NLP LLM Context Length Extension

Amanatullah
The Deep Hub
Published in
10 min readFeb 26, 2024
  • The increasing application of Large Language Models (LLMs) across sectors has highlighted a significant challenge: their predefined context lengths. This limitation impacts efficiency, especially when applications require the processing of extensive documents or large-scale conversations. While directly training LLMs on longer contexts is a potential solution, it is not always efficient and can be resource-intensive.
  • This article will discuss various methods aimed at enhancing the context length of LLMs.
  • Context length serves as a vital parameter determining the efficacy of LLMs. Achieving a context length of up to 100K is notable. The value of such an achievement, however, might be perceived differently with the progression of time and technology.
  • One primary use-case for LLMs is to analyze a large set of custom data, such as company-specific documents or problem-related texts, and to answer queries specific to this dataset, rather than the generalized training data.
  • Let’s take a look at existing Solutions to Address Context Length Limitations:
  • Summarization & Chained Prompts: Current approaches often involve the use of sophisticated summarization methods coupled with chained prompts.
  • Vector Databases: These are used to store embeddings of custom documents, which can then be queried based on similarity metrics.
  • Fine-Tuning with Custom Data: This method, while effective, is not universally accessible due to restrictions on certain commercial LLMs and complexities with open-source LLMs.
  • Customized LLMs: Developing smaller, data-centric LLMs is another solution, though it presents its own set of challenges.
  • Advantages of Extended Context Length:
  • An LLM with an expanded context length can offer more tailored and efficient interactions by processing user-specific data without the need for model recalibration. This on-the-fly learning approach, leveraging in-memory processing, has the potential to enhance accuracy, fluency, and creativity.
  • Analogy for Context: Similar to how computer RAM retains the operational context of software applications, an extended context length allows an LLM to maintain and process a broader scope of user data.
  • In this article, we aim to present a detailed examination of methods focused on increasing the context length, emphasizing their practical implications and benefits.

NTK-Aware Method

  • This method addresses the issue of extending the context window by considering the impact on the model’s ability to handle high-frequency components in the data.
  • In neural networks, especially those used in language processing, high-frequency components are crucial for capturing fine-grained details and nuances in the text.
  • The “NTK” in “NTK-Aware” refers to the Neural Tangent Kernel, a theoretical framework that describes how the output of a neural network changes in response to small changes in its parameters.
  • When extending the context window, the NTK-Aware method makes adjustments to the model to ensure it doesn’t lose its sensitivity to these high-frequency components. This could involve tweaking the weights or architecture of the network in a way that compensates for the potential loss of detail that could occur when processing longer sequences.

Dynamic NTK Method

  • While the NTK-Aware method makes static adjustments based on NTK theory, the Dynamic NTK method takes this a step further by making these adjustments adaptable to the length of the input sequence.
  • This means that the model doesn’t just have a fixed setting for extended contexts; instead, it dynamically alters its processing based on the actual length of the sequence it’s dealing with at any given moment.
  • For instance, if the model is handling a sequence close to its original training length, the adjustments might be minimal. But as the sequence length increases, the Dynamic NTK method scales the adjustments accordingly.
  • This dynamic scaling is likely achieved by altering the model’s internal parameters, such as attention weights or other factors that influence how it processes different parts of the input.
  • The NTK-Aware method is about making specific adjustments to preserve the model’s ability to process high-frequency information in extended contexts, while the Dynamic NTK method allows these adjustments to vary depending on the length of the input, providing a more flexible and efficient way to handle varying context sizes.
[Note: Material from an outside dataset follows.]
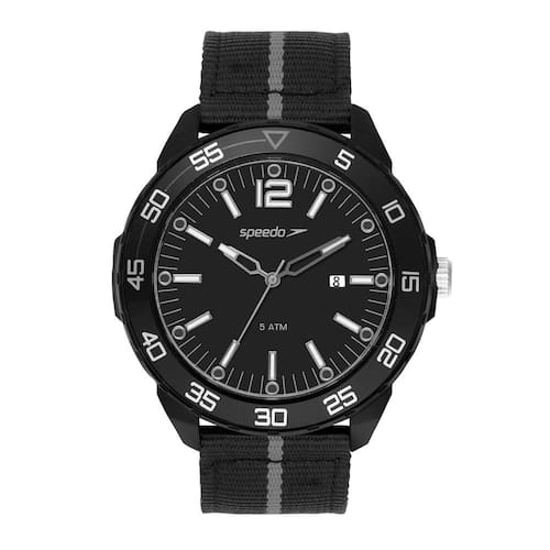 Características: com caixa em Policarbonato Preta e pulseira em tecido Preto/Cinza

Extending Context Window of Large Language Models Via Position Interpolation

  • This paper introduces a technique called Position Interpolation (PI) to extend the context length of large language models (LLMs) like LLaMA without compromising their performance.
  • LLMS use positional encodings, such as RoPE, to represent the order of tokens in a sequence. However, naively fine-tuning these models on longer contexts can be slow and ineffective, especially when extending the context length by a large factor (e.g., 8 times).
  • The key insight behind PI is that extrapolating positional encodings beyond the trained range can result in unstable and out-of-distribution attention scores. Instead, PI interpolates between the trained integer steps to create smooth and stable positional encodings.
  • To do this, PI downscales the positional indices before computing the positional encodings. For instance, if the original context length is 4096, PI rescales the indices from [0, 4096] to [0, 2048], matching the original length. This effectively interpolates the positional encodings between the original integer steps, reducing the maximum relative distance and making the attention scores more stable.
  • During fine-tuning, the model adapts quickly to the interpolated positional encodings, which are more stable than extrapolated ones. The authors prove that the interpolated attention score has a much smaller upper bound than the extrapolated attention score, ensuring that the model’s behavior remains consistent and predictable.
  • Experiments demonstrate that PI successfully extends models like LLaMA-7B to handle context lengths of up to 32768 with only 1000 training steps. Evaluations on various tasks, such as language modeling, question answering, and retrieval, confirm that the extended models effectively leverage long contexts without sacrificing performance on shorter contexts.
  • Thus, Position Interpolation offers a simple yet effective way to extend the context length of LLMs like LLaMA. By downscaling positional indices and interpolating between trained integer steps, PI creates smooth and stable positional encodings, enabling models to adapt to longer contexts without losing stability or performance.
  • The technique was originally proposed by u/emozilla on Reddit as “Dynamically Scaled RoPE further increases performance of long context LLaMA with zero fine-tuning” and allows us to scale out the context length of models without fine-tuning by dynamically interpolating RoPE to represent longer sequences while preserving performance.
  • While it works well out of the box, performance can be further improved by additional fine-tuning. With RoPE scaling, companies can now easily extend open-source LLMs to the context lengths which work for their given use case.
  • From the Reddit post:
  • “When u/kaiokendev first posted about linearly interpolating RoPE for longer sequences, I (and a few others) had wondered if it was possible to pick the correct scale parameter dynamically based on the sequence length rather than having to settle for the fixed tradeoff of maximum sequence length vs. performance on shorter sequences. My idea was to use the exact position values for the first 2k context (after all, why mess with a good thing?) and then re-calculate the position vector for every new sequence length as the model generates token by token. Essentially, set scale to original model context length / current sequence length. This has the effect of slowly increasing scale as the sequence length increases.
  • I did some experiments and found that this has very strong performance, much better than simple linear interpolation. When u/bloc97 posted his NTK-Aware method, it was much closer to this dynamic linear scaling in terms of performance. Compared to dynamic linear scaling, NTK-Aware has higher perplexity for shorter sequences, but better perplexity at the tail end of the sequence lengths. Unfortunately, it also suffers from catastrophic perplexity blowup, just like regular RoPE and static linear scaling.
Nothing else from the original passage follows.